Spearheading the construction effort for CERN’s LHC collider is the groundwork for the 1232 superconducting dipole magnets, to be cooled by superfluid helium at 1.9K. Material procurement and tooling is advancing hand in hand with the final research and development work for the production design.
One of thevfirst major LHC procurement contracts was for the superconducting materials niobium-titanium bars andvniobium sheet worth $45 million – with Wah-Chang in the US and using US money. This was followed by contracts for the actual cable manufacture. A total of 13 680 kilometres of cable will be needed, longer than the diameter of the Earth. As well as being for the dipoles, this material will also be used for the 520 focusing quadrupoles and several other magnets.
Involved in this manufacture are Alsthom (France), Vacuumschmelze (Germany), Europa Metalli (Italy), Furukawa (Japan) and IGC (USA), reflecting the worldwide involvement in the LHC.
Testing and quality assurance of the superconducting strands, and subsequently the full cable, is absolutely vital. A new test facility at CERN, equipped with its own helium refrigerator, will come into operation soon. This facility will be used for quality control of the strands during production, whereas most of the final cable will be tested in a similar facility at Brookhaven as part of the CERNUS collaboration.

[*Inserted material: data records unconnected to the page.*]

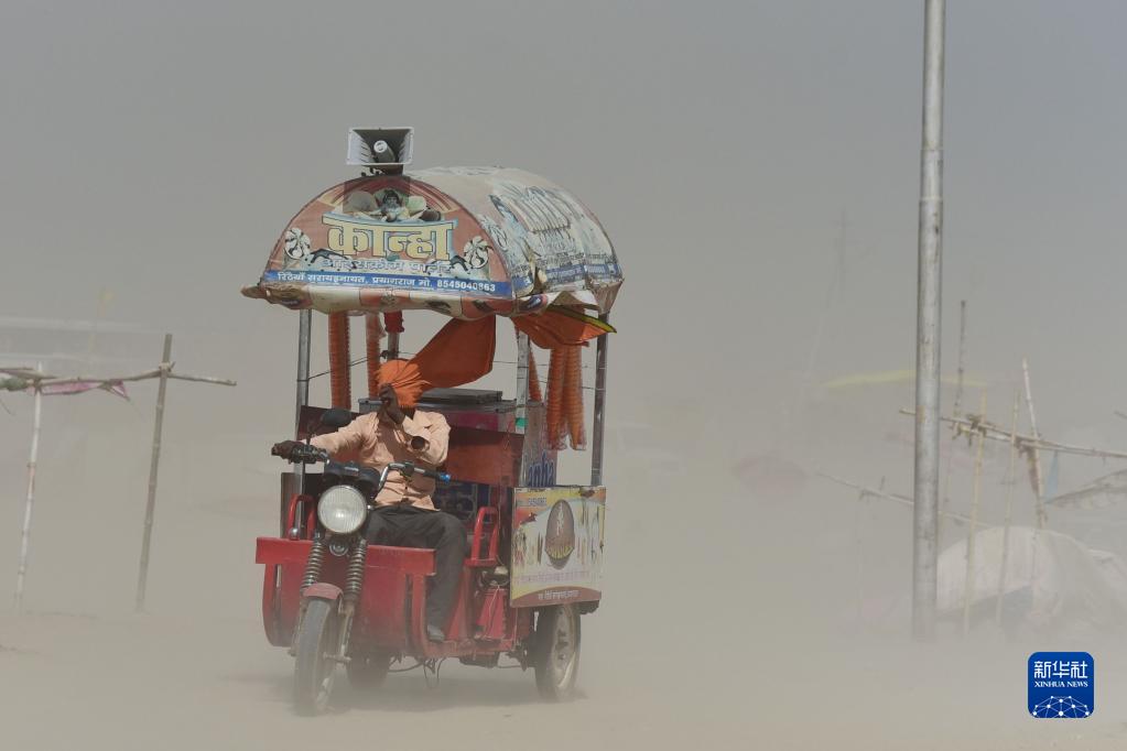4月18日,在印度北方邦普拉亞格拉杰,一名男子冒著風沙出行。
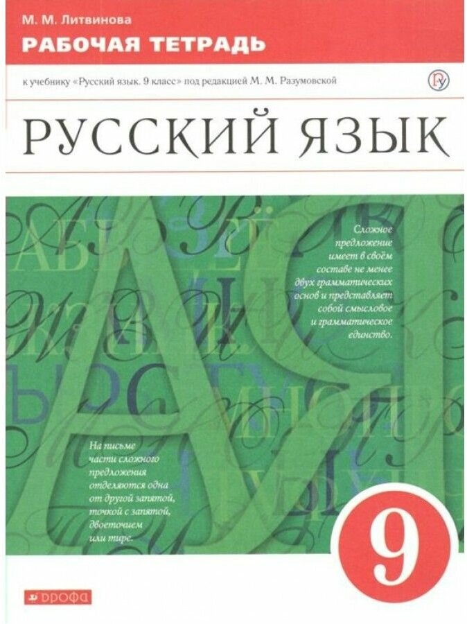 Русский язык 9 класс Рабочая тетрадь К учебнику Русский язык 9 класс под редакцией М М Разумовской (Марина Михайловна Литвинова); Дрофа, 2020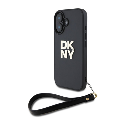 1 kép DKNY PU Leather Stack Logo iPhone 16 tok csuklópánttal, fekete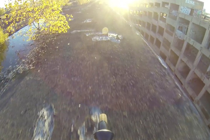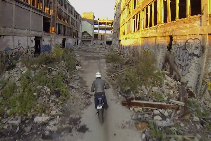 Last autumn, the guys behind Cantini Pictures Ltd. took their self-built motorcycle (and their drone) to Detroit's abandoned Packard Plant for a ride.
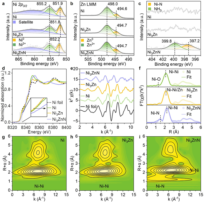 Figure 3.  XPS spectra of Ni 2p (a), Zn LMM (b), and N 1s (c) regions for Ni, Ni3Zn, and Ni3ZnN catalysts. (d) Normalized Ni K-edge XANES spectra of Ni foil, Ni, Ni3Zn, and Ni3ZnN catalysts. (e) EXAFS oscillation functions at the Ni K-edge of Ni foil, Ni, Ni3Zn, and Ni3ZnN catalysts. (f) k2-weighted Fourier transform spectra of EXAFS for Ni, Ni3Zn, and Ni3ZnN catalysts at the Ni K-edge. Wavelet transform (WT) contour plots of EXAFS spectra for Ni (g), Ni3Zn (h), and Ni3ZnN (i) catalysts.

For the magnets themselves, tests on 1 metre dipole models underlined the wisdom of reverting to the original 6-block coil design after a flirtation with a 5-block configuration.
During 1998 two more 10 metre collared coils were delivered by industry and assembled at CERN into complete magnets, and the first 15 metre prototype dipole, built by industry under an agreement between CERN and the Italian INFN, was put through its paces. While the nominal field for LHC magnets to handle 7 TeV beams is 8.34T, 9T is seen as the ultimate goal. While the former figure is usually a cinch, the latter is not, underlining the need for careful quality control at all stages in the manufacture and assembly, and the importance of the collaring procedure to anchor all components securely under immense magnetic forces and when cooled to 2 K.
Orders for six prototype collared coils with the series manufacture design have been issued, and the first has even arrived. These will be assembled into cryomagnets at CERN, as industry is not yet equipped with the necessary 15 metre hydraulic presses for the welding of the cold mass.
Prototype high-temperature superconducting current leads have been ordered and tested. Other cryogenic-related equipment reflects further the world involvement in the LHC. Power supplies for quench heaters are being developed by a collaboration working through the Indian Centre of Advanced Technology, Indore, while equipment to handle the extraction of the stored superconducting energy in the event of a quench is being designed and constructed by Russian industry and by IHEP, Serpukhov.
Also being supplied from Russia, in this case the Budker Institute, Novosibirsk, are 360 warm dipoles and 180 quadrupoles for the two 2.5 km transfer lines feeding protons from the SPS to the LHC. The first magnets have arrived.
With the technical specification of the dipole cold masses complete, almost the last act of 1998 at CERN was to issue a call for tenders for the first phase of LHC dipole procurement.